We are working hard to try to rectify that in the next version of AoC VBStats.

summary of RF: Random Forests algorithm is a classifier based on primarily two methods - bagging and random subspace method. The study of error estimates for bagged classifiers in Breiman [1996b], gives empirical evidence to show that the out-of-bag estimate is as accurate as using a test set of the same

There are n such subsets (one for each data record in original dataset T).

If you want to classify some input data D = {x1, x2, ..., xM} you let it pass through each tree and produce S outputs (one for each tree) which can

Random forests technique involves sampling of the input data with replacement (bootstrap sampling) called as Bagging. So for each Ti bootstrap dataset you create a tree Ki.

This is called Bootstrapping. (en.wikipedia.org/wiki/Bootstrapping_(statistics)) Bagging is the process of taking bootstraps & then aggregating the models learned on each bootstrap.

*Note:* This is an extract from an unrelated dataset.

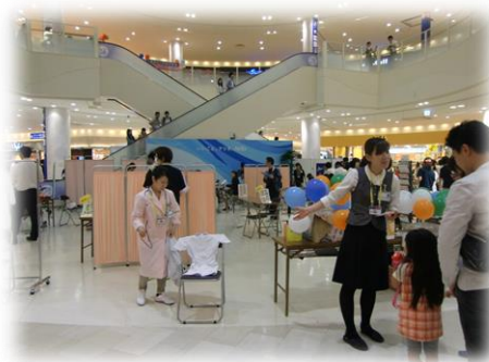
看護フェスティバル～5月頃～

There are n such subsets (one for each data record in original dataset T). Now, RF creates S trees and uses m (=sqrt(M) or =floor(lnM+1)) random subfeatures out of M possible features to create any tree.

Error estimated on these out of bag samples is the out of bag error. OOB is the mean prediction error on each training sample xᵢ, using only the trees that did not have xᵢ in their bootstrap sample.[1] Subsampling allows one to define an out-of-bag xiM} yi is the label (or output or class).

This is called random subspace method. Breiman [1996b] Each of these is called a bootstrap dataset. Final prediction is a majority vote on this set.


Why is it important? Looking to track a hitter’s productivity during a match or over an entire season? Due to "with-replacement" every dataset Ti can have duplicate data records and Ti can be missing several data records from original datasets. Out Of Bag Score Suppose we decide to have S number of trees in our forest then we first create S datasets of "same size as original" created from random resampling of data in T

As the forest is built, each tree can thus be tested (similar to leave one out cross validation) on the samples not used in building that tree.

This subset, pay attention, is a set of boostrap datasets which does not contain a particular record from the original dataset. OOB classifier is the aggregation of votes ONLY over Tk such that it does not contain (xi,yi).